A ministra também pediu desculpas a Fachin, aos demais integrantes da Corte e à população brasileira. Cármen afirmou que gostaria de ter contribuído mais para reduzir as tensões envolvendo o Judiciário.
“Portanto, estou pedindo desculpas ao presidente do Supremo, a todos os colegas, mas ao povo brasileiro, porque realmente queria ter sido melhor em poder ter ajudado a acalmar as coisas e não consegui”, disse.
Sessão histórica
A sessão do STF, considerada histórica, ocorre para analisar o relatório da PF (Polícia Federal) que reúne mensagens e outros registros usados pela corporação para apontar uma relação próxima entre o ministro Alexandre de Moraes e o ex-banqueiro Daniel Vorcaro.
Antes de discutir se o conteúdo justifica a abertura de uma investigação contra Moraes, o plenário deverá se manifestar sobre o pedido da PGR (Procuradoria-Geral da República) para anular o relatório da Polícia Federal.
A Procuradoria argumenta que André Mendonça determinou a produção do documento sem que houvesse pedido prévio do Ministério Público ou da própria PF e sem submeter a medida anteriormente ao plenário.
Mesmo se a nulidade for acolhida, há ministros que avaliam que o STF poderá encerrar o caso sem avançar sobre o mérito das mensagens. Outros, porém, entendem que, mesmo nessa hipótese, os elementos já conhecidos podem ser discutidos para decidir se uma nova investigação deve ou não ser aberta.
A sessão desta terça ocorre em meio a uma tensão na Corte, com trocas de ofícios entre ministros, disputa pelo acesso às provas e questionamentos sobre a condução das investigações feitas pelo ministro André Mendonça.
Antes da sessão, ministros debateram, internamente, sobre quais documentos deveriam estar disponíveis para análise prévia.
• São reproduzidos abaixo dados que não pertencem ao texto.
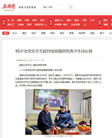【湖南好人·每周一星】羊文超:把行善写进生命的每一天 3月5日,娄底市镇星恒苑小区,初春的阳光透过窗户,洒进羊文超家里。房内陈设朴素,却整洁而温馨。95岁的羊文超坐在沙发上,说起自己帮助过的那些人和事,眼里闪着光,神采飞扬。 “每捐赠一笔款,每帮助一个人,都会让我快乐一阵子。”羊文超笑着对记者说。 1931年出生的羊文超,是一名老党员。他坚持日行一善,以帮助他人为乐,2024年获评助人为乐类“湖南好人”。 善的种子,早在童年就已种下。
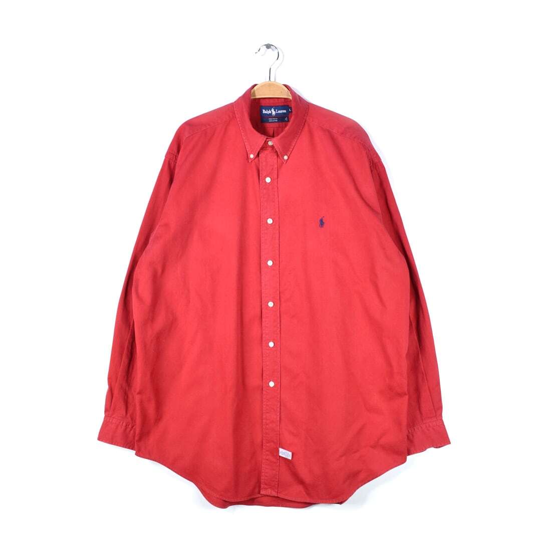 - 【送料無料】80s ラルフローレン USA製 オックスフォードシャツ ボタンダウン レッド RALPH LAUREN メンズL 古着 @CA1405
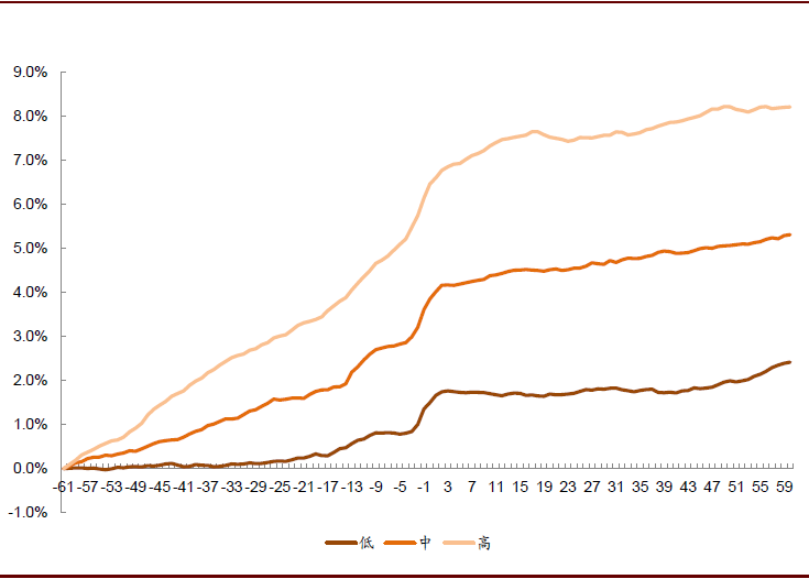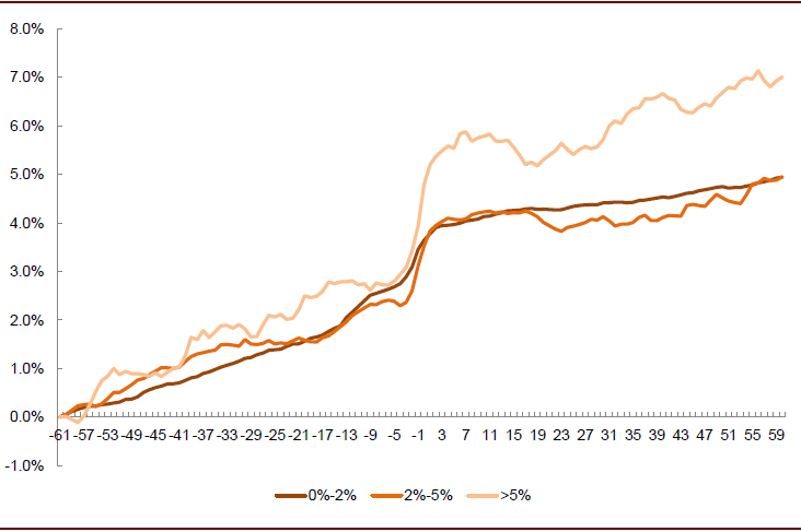 图表:不同公募持仓比例的个股发布业绩好消息累计超额收益
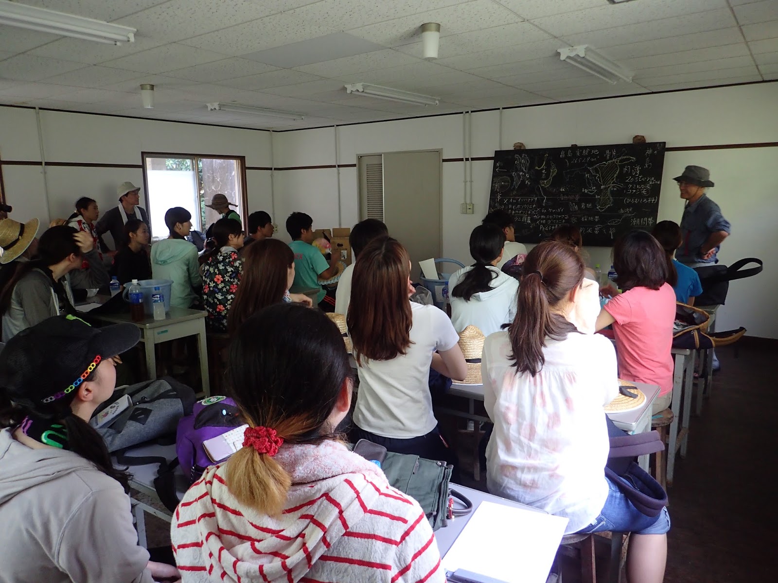 畠島分室にある伝統の黒板の前で,大和先生から島の生物相についてレクチャーを受けます.

Na segunda (14), a PF informou que entregou cópias dos dados extraídos do aparelho celular apreendido do ex-banqueiro Daniel Vorcaro aos gabinetes dos ministros Alexandre de Moraes, Cristiano Zanin e Gilmar Mendes.
Também na segunda, Mendonça retirou o sigilo de um processo que reúne detalhes sobre a rede de pagamentos de Vorcaro e do Banco Master.